RNA molecules are single copies of the DNA of a cell. They transfer the genetic information of the DNA and serve as a template for the production of proteins that control all processes in the cell. These small information carriers are regulated over their lifetime, or rather half-life. After their production, RNA molecules serve as a template for protein production for a limited time before they are degraded.


So far, there have been two scientific methods used to measure the half-life of the RNAs. As Prof. Attila Becskei's research team at the Biozentrum, University of Basel, discovered, these conventional methods can be rather inaccurate and sometimes give inconsistent results. Becskei's team has now found a new way to show that RNA molecules do not live on average for 20 minutes, but only two minutes. "This was a challenging task for us because nobody knew in advance which method would deliver the right results," says Becskei.

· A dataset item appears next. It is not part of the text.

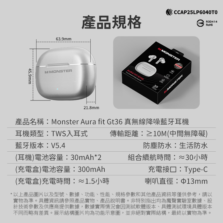 產品名稱:Monster Aura fit Gt36 真無線降噪藍牙耳機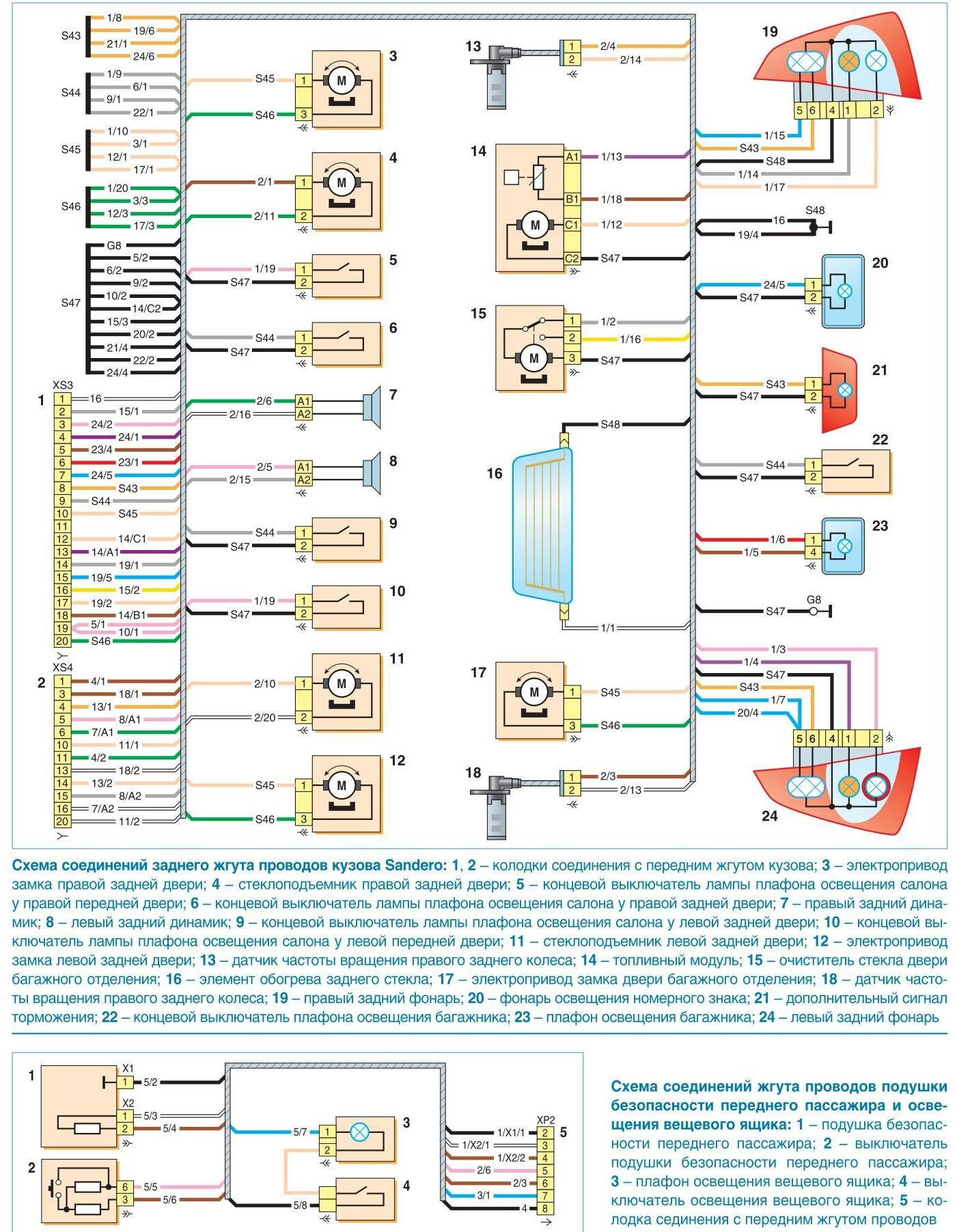 Схема соединений заднего жгута проводов кузова Рено Сандеро

The "Gene Control Method" shows: RNAs live briefly


The half-life of an RNA is relevant for scientific studies on the cell cycle. The whole process of cell division depends on the right amount of proteins to be available at the right time. If the concentrations in certain phases of the cell cycle do not match, errors occur.


The gene control method used by Becskei is already known, but has not hitherto been used to measure the half-life of RNA molecules. The reason for this is that complex gene techniques are necessary for this and it is protracted, since only one RNA can be examined at the same time. A single gene is regulated on the DNA so that the production of the RNA can be switched on and off. If RNA production is stopped, it is possible to measure how long the RNAs already produced in the cell persist. Thus, the lifetime of this RNA molecule can be determined. "So the method only yields the result for an RNA, the result is reliable," says Becskei.


The experiments were repeated for approximately 50 different genes and showed that 80% of all RNAs have a short lifetime and live less than 2 minutes. Only about 20 percent live longer, about 5 to 10 minutes. "These results are astonishing considering that it has previously been assumed that RNAs persist in the cell for an average of 20 minutes," says Becskei.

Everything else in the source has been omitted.